Over the years I’ve attempted to analyze the allure of the
restaurant. Why do I and millions others flock to restaurants not only to mark
the memorable moments of our lives, but to treat ourselves and – of course – to
find sustenance. In a world in which we are responsible for each and every
minute of our lives: get up on time, make your bed, clean yourself, get
dressed, catch the subway, get off the right stop, work your ass off, return
emails, pick up your drycleaning, pay your bills, plan your vacation on-line, meet
your friends, find your keys, ad infinitum, it’s nice to sit down and take a
few hours off and let someone else (or a well-trained team of professionals)

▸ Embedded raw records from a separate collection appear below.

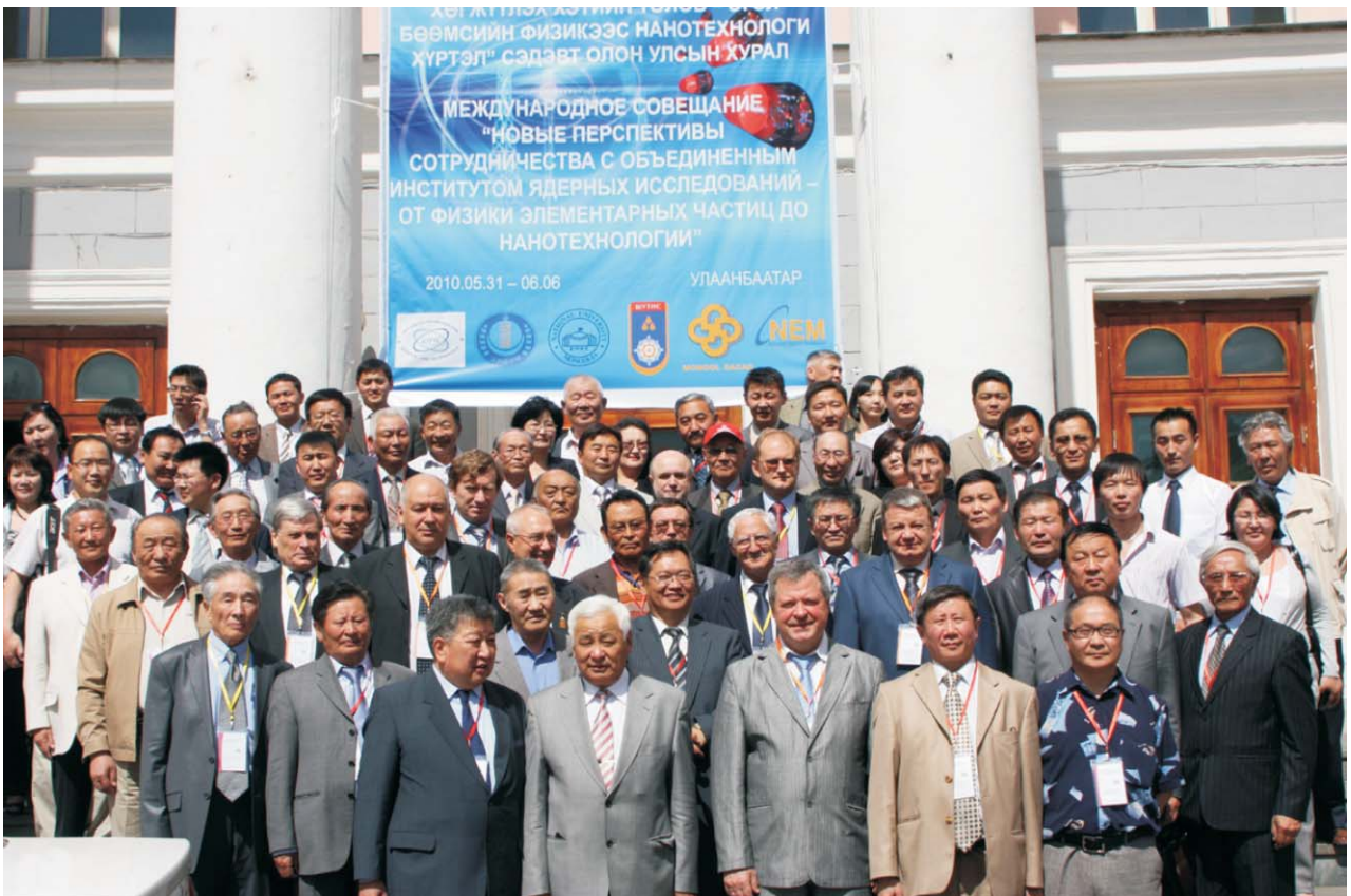
Улан-Батор (Монголия), 31 мая – 6 июня. Участники международного совещания «Новые перспективы сотрудничества с ОИЯИ — от физики элементарных частиц до нанотехнологий»
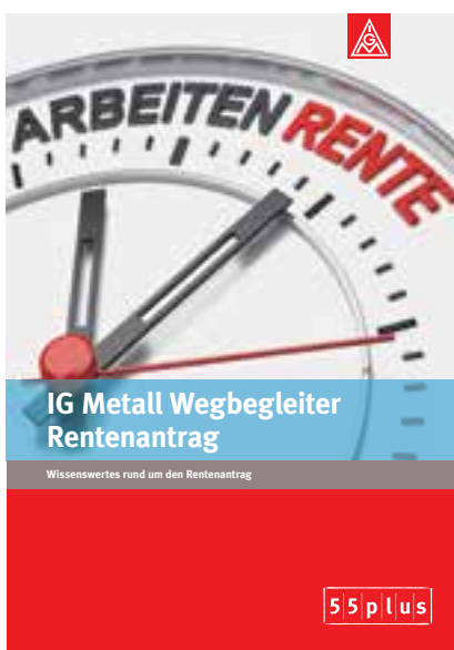
Broschüre DIN A4, Produkt-Nr. 29029-67804

Rechtzeitig vorsorgen schafft Sicherheit. Der Wegbegleiter bietet Organisationshilfe und kann die Basis eines persönlichen Vorsorgeordners sein, in dem alle wichtigen Dokumente zur Vorsorge abgelegt sind. Er umfasst die Themen Finanzen, Versicherungen, Mitgliedschaften sowie Patientenverfügung und Vorsorgevollmacht.
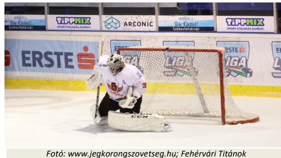
Fotó: www.jegkorongszovetseg.hu; Fehérvári Titánok

Megyei rangadót rendeztek Székesfehérváron. Mind a két csapat a táblázat második felében tanyázik. A hazaiak az utóbbi időben nem igazán gyűjtögettek a pontokat, az Acélbikák viszont zsinórban nyerik a meccseket. A meccs közepén a DAC jutott előnyhöz Silló góljával (32. perc, 0-1). A harmad végén Odnoga is betalált (40. perc, 0-2). A Dunaújváros folytatta remek szereplését. A Titánok ismét vereséget szenvedtek.
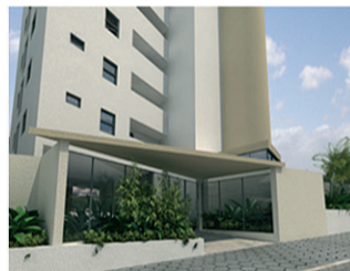
CORAIS TERRA DO SOL Torre única – Maio (30 unid.) 100% vendido
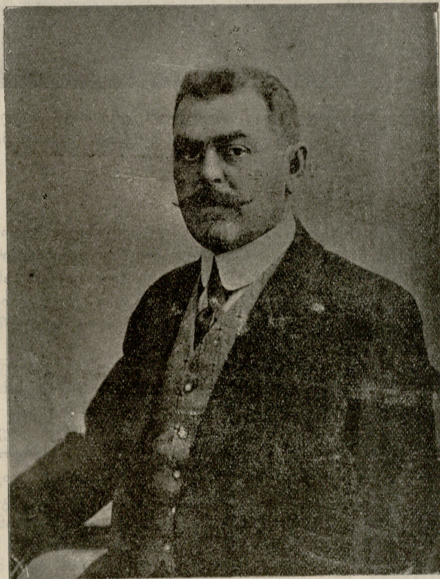
† ვარლამ გელოვანი.
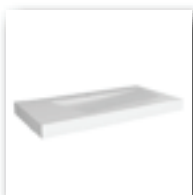
HANSA LATRAVA Waschtisch* 0747 1000 alpinweiß 900x450x70 mm
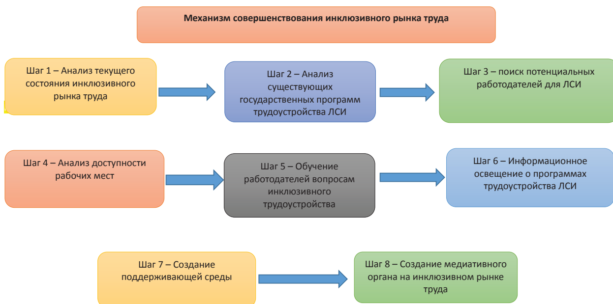
Рисунок 5–Механизм совершенствования инклюзивного рынка труда
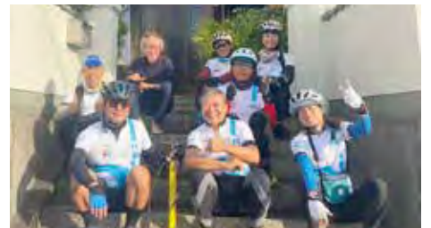
四国一周自転車旅に来られた台湾人グループのお客様と記念撮影

さて、こちらに来てから始めてみたゲストハウスですが、でたらめな英語を苦使(笑)しながらも、7年間で30か国以上の外国のお客様をお迎えすることが出来ました。さらに、オランダ、アメリカ、韓国、中国、台湾には、再び来てくれたリピーターの方もおられます。この穏やかな海辺の町が世界中の人々から愛されているのです。もちろん、私自身もこの自然豊かな地をとても気に入っています。
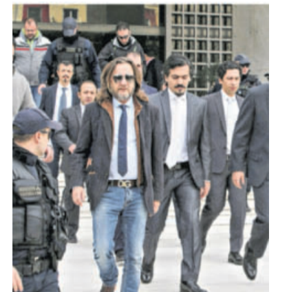
Begleitet von griechischen Sicherheitsbeamten verlassen die Soldaten das Gericht.

Nach Angaben des Bundesinnenministeriums vom Oktober haben allein in Deutschland 35 türkische Diplomaten und Familienangehörige Asyl beantragt. Die Türkei verlangt ihre Auslieferung. Gerd Höhler
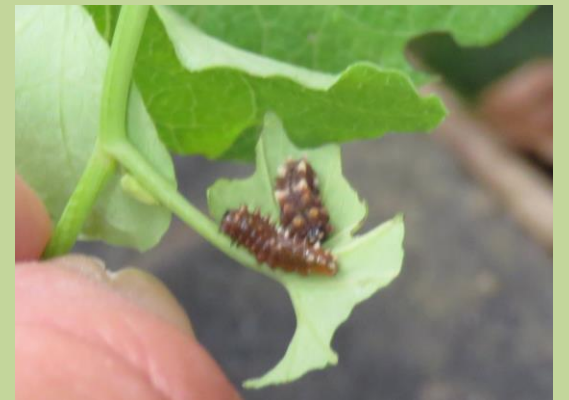
⑤ ジャコウアゲハの幼虫は、生えはじめたばかりの、小さなウマノスズクサを食べていました。
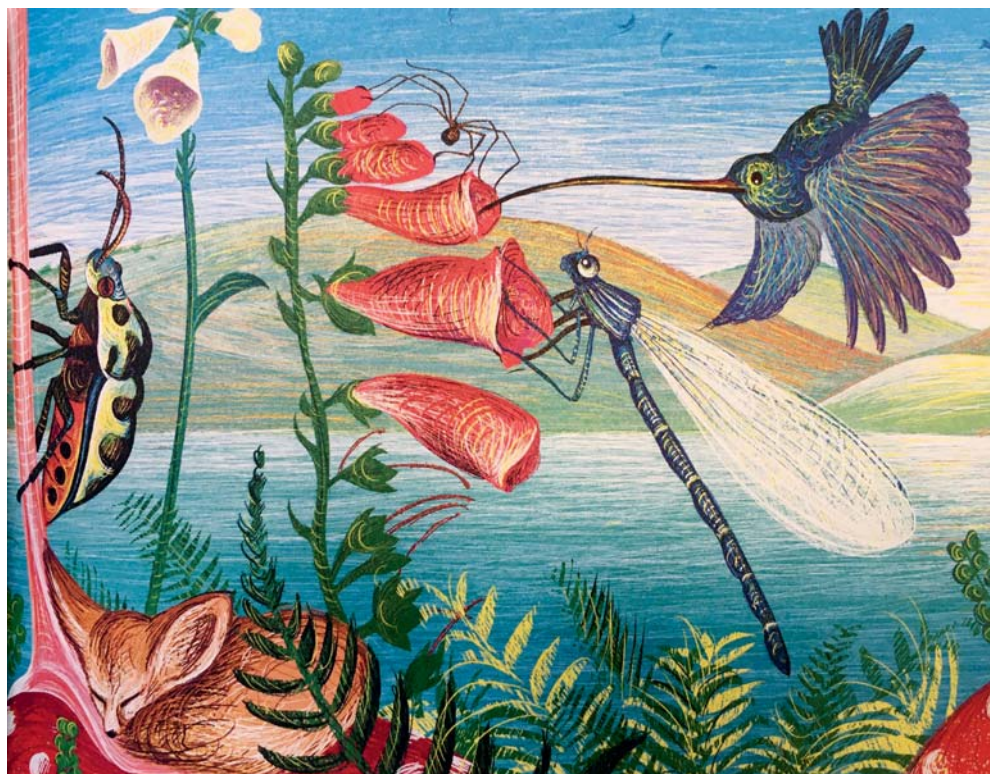
Les illustrations d'Isabelle Simler seront exposées au Pavillon Blanc à Colomiers, à la bibliothèque de Rangueil et à l'Espace Bonnefoy à Toulouse
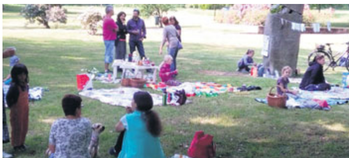
Férová snídaně proběhla 12. května také v Milevsku. Snídalo se v Bažantnici a protože se akce moc povedla, po celé léto se bude v Milevsku nadále „sousedsky“ snídat. Zájemci sledujte Facebook knihovny.
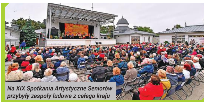
Na XIX Spotkania Artystyczne Seniorów przybyły zespoły ludowe z całego kraju
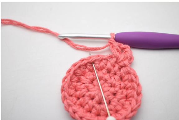
9. “Saltare 2 m lavora 1 mma, 2 cat e 1 mma nella m succ. 1 cat”.
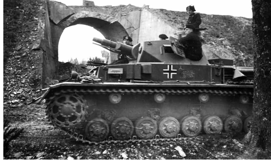
Vokiečių vidutinis tankas „Pz IV“ ir jo įgula. 1940 m.

Ankstų gegužės 27-osios rytą atvažiavau prie perkėlos ties Kuinši (pranc. Cuinchy) įvertinti padėtis. Vis dar labai aktyviai šaudė snajperiai,
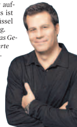
Buchautor Richard Florida schätzt das kreative Potenzial Berlins hoch ein
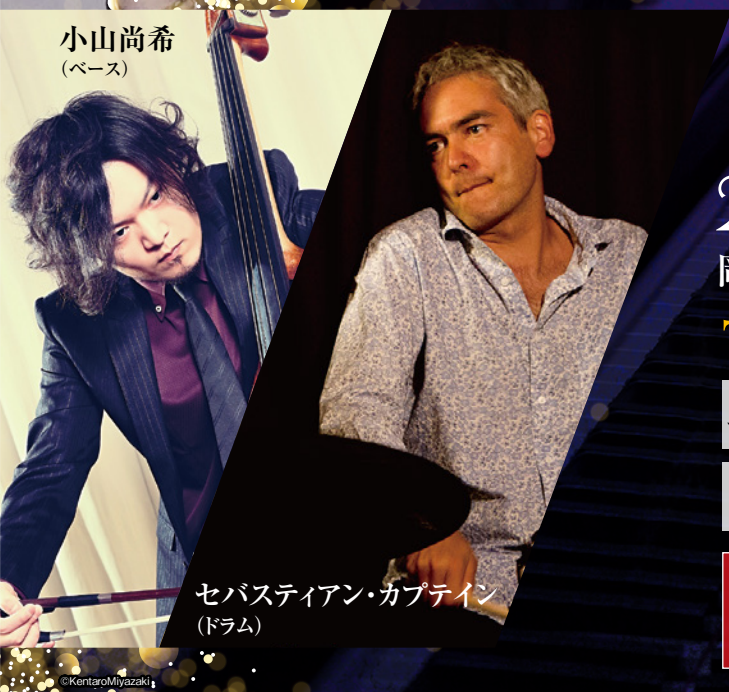
セバスティアン・カプティン (ドラム)
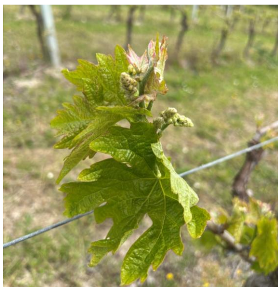
Montepulciano - grappoli visibili BBCH 53

La coltura si trova generalmente nella fase fenologica fra grappoli visibili e separati (BBCH 53-55) .
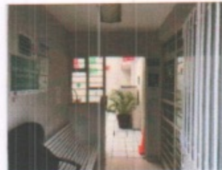
FACHADAS PRINCIPALES Y ACCESO PRINCIPAL
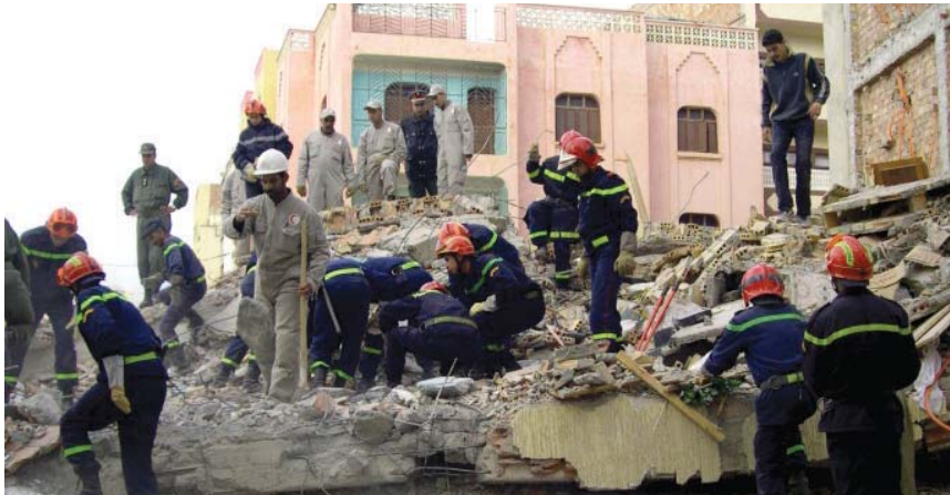
● رفع أنقاض الزلزال الذي راح ضحيته مئات

أبدت دول العالم تعاطفها مع ضحايا الزلزال العنيف الذي ضرب المغرب ليل أمس الأول الجمعة، وخلفت مئات الضحايا وتسبب بأضرار كبيرة في مراكش والمناطق المحيطة بها، واستنفر الزلزال القوات المسلحة الملكية التي هرعت تجاه أقاليم الحوز وشيخاوة وتارودانت المتضررة. وذكرت جريدة "هسبريس" المحلية، أن عددا كبيرا من أليات القوات المسلحة الملكية توجهت صباح أمس السبت من الدار البيضاء إلى مراكش، للمساعدة في عملية البحث عن الضحايا وإنقاذ المواطنين الذين ما زالوا تحت الأنقاض.
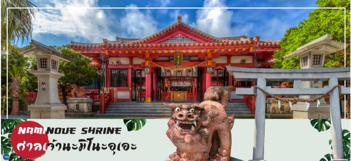
NAMINOUE SHRINE ศาลเจ้าคามิโนะอุเอะ

เช้า รับประทานอาหารเช้า ณ ห้องอาหารของโรงแรม (5) นำท่านเดินทางสู่ ศาลเจ้าคามิโนะอุเอะ (Naminoue Shrine) (ใช้เวลาเดินทางประมาณ 10 นาที) ตั้งอยู่ ณ บริเวณที่เป็นพื้นที่ศักดิ์สิทธิ์ที่ใช้ในการสวดภาวนาอธิษฐานต่อเทพเจ้าที่สถิตย์อยู่ ณ อาคารจักรเจ้าสมุทรโพ้นทะเลมาแต่ครั้งโบราณ ในอดีตชาวเรือที่เข้าออก ณ ท่าเรือนาสะ (Naha Port) ซึ่งขณะนั้นเป็นศูนย์กลางการแลกเปลี่ยนค้าขายกับนานาประเทศ ทั้งจีน ประเทศทางตอนใต้ เกาหลี และชวยามาโดะ มักจะแหงนหน้ามองขึ้นไปยังศาลเจ้าซึ่งตั้งอยู่บนหน้าผาสูงเพื่ออธิษฐาน และแสดงความขอบคุณ ศาลเจ้าคามิโนะอุเอะได้รับความเสียหายจากการรบในโอกินาวะ (Battle of Okinawa) เมื่อครั้งสงครามแปซิฟิก แต่ได้รับการบูรณะฟื้นฟูในเวลาต่อมาเมื่อสงครามสิ้นสุดลง ปัจจุบันนี้ได้กลายมาเป็นศูนย์กลางแห่งศาสนาชินโตในจังหวัดโอกินาวะ ชาวญี่ปุ่นมักจะมาไหว้ขอพรเกี่ยวกับธุรกิจการงานให้เจริญรุ่งเรือง ร่ำรวย และมาสะเดาะเคราะห์ให้พ้นโชคร้าย จากนั้นนำท่านสู่ เอาท์เล็ตมอลล์ อาชิบิน่า (Okinawa Outlet Mall Ashibinaa) (ใช้เวลาเดินทางประมาณ 30 นาที) เอาท์เล็ตแห่งแรกในโอกินาวะ รวบรวมร้านค้าชั้นนำกว่า 100 ร้าน ทั้งเสื้อผ้าแฟชั่น สินค้าแบรนด์เนม นาฬิกา ข้าวของเครื่องใช้ ของเล่น ทุกร้านจัดเต็มทั้งสินค้ารุ่นเก่าและรุ่นใหม่ ลดราคากระหน่ำกว่า 30-80% ให้ได้เดินช้อปปิ้งตัดท้ายทริปกันอย่างจุใจ ภายใต้บรรยากาศสบายๆ สโลว์ไลฟ์พรีเมียมทะเล หากข้อปจนเหนื่อยสามารถขึ้นไปทานอาหารที่ชั้น 2 มีอีกหลายร้านที่คอยให้บริการ
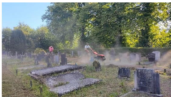
het omwoelen van de paden

Na veel overleg en productie van beleidsstukken door de gemeente en diverse groeperingen uit de samenleving werd de onvrede over de deplorabele staat van de begraafplaats alsmat groter. Voor nabestaanden met een fysieke beperking was het niet veilig om hun dierbaren te bezoeken op een door onkruid overwoekerde begraafplaats.
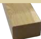
45x70mm 400/510cm 4,50 €/Meter
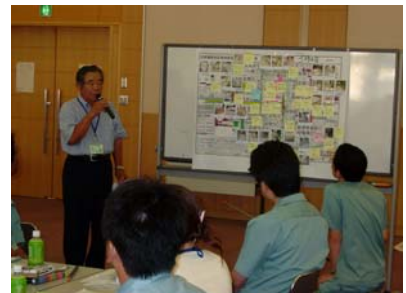
問題点発表の様子
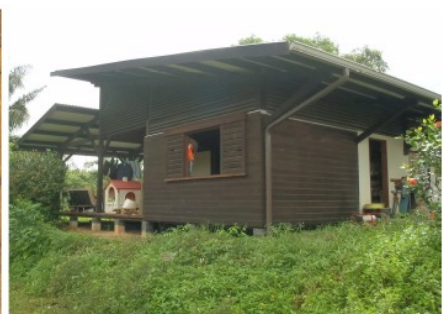
L'extension terminée !

Pour toute question ou information, nous sommes à votre disposition :
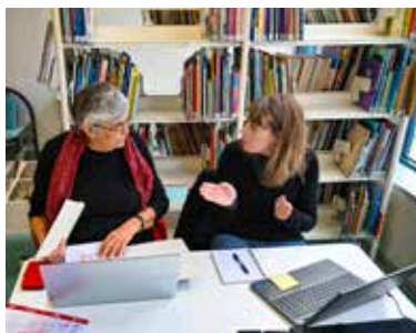
Lors des permanences numériques à la bibliothèque des deux mondes, une conseillère vous accueille sur rendez-vous, pour une séance d'une heure sur la thématique de votre choix.
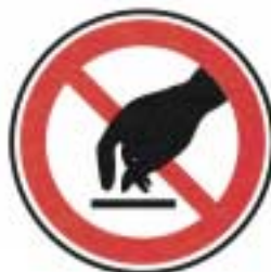
Ne pas toucher

satisfy your needs. What a beautiful concept! You take a seat in a lovely room,
someone hands you a printed list of what they are prepared to make for you, you
tell someone who comes right to your side what you want, they bring it to you,
you eat it and all you have to do is whip out some piece of plastic and figure
out a tip in the end.
And like that robbery in the 70s, restaurants also provide a
vast amount of entertainment – usually in the form of people-watching. I’ve seen
oodles of celebrities dining by my side (or drinking at the bar!) I’ve
overheard outrageous conversations and run into old friends. And, I once
witnessed a man have a heart attack and be carried out of Josephine’s – the luxe
French bistro owned by the illegitimate son of Josephine Baker. The owner followed the gurney as it weaved in
and out of the tables and exclaimed in a thick Parisian accent, “…only in New
York!” I’m still not sure what he meant by this but I will surely never forget
it.
Life happens at restaurants like nowhere else. You can
choose to fill your belly with comfort food, fuel your body with nutritious fare
or send your taste buds on an exotic holiday. You can date, reunite, celebrate
and plan while sharing these experience with scores of strangers (some stranger
than others.) Other that the transporter
from Star Trek, I know of no other vehicle that gives you such power to
transform a moment in time.
I believe that one of the reasons I have stayed in this
crazy, crowded, noisy, expensive city is for the restaurants. Unlike my late
father, I do not frequent the finer dining rooms or the “it” spots of the
week. But living here means that at any
time of the day (or even night, in most cases,) I can have whatever cuisine I
desire. My favorite coconut bun or
hand-stretched noodles are just a 15-minute walk away in Chinatown. I can order escargot until 2 am at one of the
three (that I know of) French bistros in my neighborhood. When I feel like Italian
I can choose between northern, southern, casual or haute cuisine. I can eat
vegetarian, macrobiotic and vegan at a variety of places. And, I am proud to have a favorite Vietnamese
restaurant when most of America probably has never even tasted a Vietnamese
meal.
That’s why as an adult, I was so proud to be able to return
the favor to my father, to continue his legacy. When he used to visit me from
his adopted home in Maine, I would set up a crowded itinerary of all the
restaurants to hit. Our time together would be a mini road trip up and down the
streets of Manhattan sampling as much exotic fare as we could stomach – trying to
digest all the foods that were unheard of in Kennebunkport. I remember
finishing a four-course Indonesian meal and stopping off for a piece of
authentic New York pizza on the way home. This is how we bonded.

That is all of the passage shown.